It’s a done deal. Omnicom & Publicis to merge

28 Jul,2013

 

By A Correspondent

 

The Omnicom Group Inc and Publicis Groupe SA announced on Sunday evening India time that they  have signed a definitive agreement for a merger of equals, creating the world’s leading company in communications, advertising, marketing and digital services, with combined 2012 revenue of $22.7 billion / €17.7 billion. Based on closing prices on July 26, 2013, Publicis Omnicom Group will have a combined equity market  capitalization of approximately $35.1 billion / €26.5 billion.

 

The merged group of more than 130,000 employees will be exceptionally well positioned to serve clients’ evolving needs, helping them to build their brands and grow their businesses in the  rapidly changing communications landscape, notes a communiqué.

 

The combination, which has been unanimously approved by the Boards of Directors of both companies, brings together leading agency brands as BBDO, Saatchi & Saatchi, DDB, Leo Burnett, TBWA, Razorfish, Publicis Worldwide, Fleishman Hillard, DigitasLBi, Ketchum, StarcomMediaVest, OMD, BBH, Interbrand, MSLGROUP, RAPP, Publicis Healthcare Communications Group (PHCG), Proximity, Rosetta, CDM, ZenithOptimedia and Goodby, Silverstein & Partners amongst others.

 

Said Maurice Lévy, Chairman and CEO of Publicis Groupe, said: “The communication and marketing landscape has undergone dramatic changes in recent years including the exponential development of new media giants, the explosion of Big Data, blurring of the roles of all players and profound changes in consumer behaviour. This evolution has created both great challenges and tremendous opportunities for clients. John and I have conceived this merger to benefit our clients by bringing together the most comprehensive offering of analogue and digital services. Equally important, it will offer our talented people new avenues for growth and success at the crossroads of strategic intelligence, creativity, science and technology.”

 

And this is what John Wren, CEO of Omnicom, said: “Both Maurice and I believe this new company reflects our vision of  retaining the best talent, attracting an incredible roster of clients and leading innovation. Omnicom and Publicis Groupe are reshaping the industry by setting a new standard for supporting clients with integrated messaging across marketing disciplines and geographies. This combination will enable us to leverage the skills of our exceptionally talented people,our broad product offering, enhanced global footprint, and tremendous roster of global and local clients. In short, we believe this is a merger that will set our new company on a path to accelerated growth, with long-term benefits for clients, employees and shareholders.”

 

Messrs Wren and Lévy said jointly: “For many years, we have had great respect for one another as well as for the companies we each lead. This respect has grown in the past few months as we have worked to make this combination a reality. We look forward to co-leading the combined company and are excited about what our people can achieve together for our clients and our shareholders.”

 

Publicis Omnicom Group has been structured with balanced corporate governance consistent with the spirit  of a merger of equals.
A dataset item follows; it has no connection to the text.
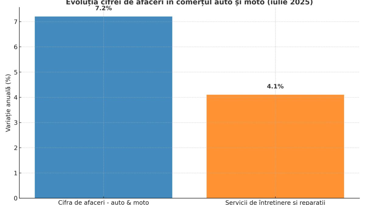 Potrivit datelor publicate de Institutul Național de Statistică pentru luna iulie 2025, cifra de afaceri în comerțul cu autovehicule și motociclete a înregistrat o creștere de 8,7% față de luna similară din 2024. Evoluția este determinată în special de segmentul comerțului cu autovehicule noi, care rămâne motorul principal al pieței, dar și de activitățile de întreținere și reparații, aflate pe un trend pozitiv.
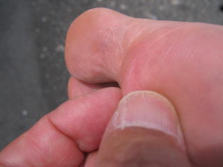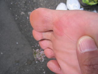 駐車場の車止めに腰かけて、安全ピンで水ぶくれをつぶしゲンタシンを塗っておきました。

Publicis Groupe and Omnicom’s CEOs will lead the company as co-CEOs through an  initial integration and development period of 30 months, following which Mr. Lévy will become non-executive Chairman and Mr. Wren will continue as CEO. The company will have a single-tier board with 16 members, consisting of the two co-CEOs and seven non-executive directors from each company.

 

For the first year following the closing of the transaction, Bruce Crawford, currently Omnicom Chairman, will be the non-executive Chairman of Publicis Omnicom Group. He will be succeeded by the current Publicis Groupe Chairperson, Elisabeth Badinter, as non-executive Chairperson for the second year following the closing of the transaction.

 

According to the communiqué, the future scalability and internal synergies of the combined company are expected to generate efficiencies of $500 million / €377 million. The transaction is a cross-border merger of equals under a holding company, Publicis Omnicom Group, in The Netherlands. The Group’s operational head offices will continue to be based in Paris and New York.

 

The transaction is subject to approval by the shareholders of both companies as well as numerous  regulatory approvals. It is expected to close in the fourth quarter of 2013 or the first quarter of 2014.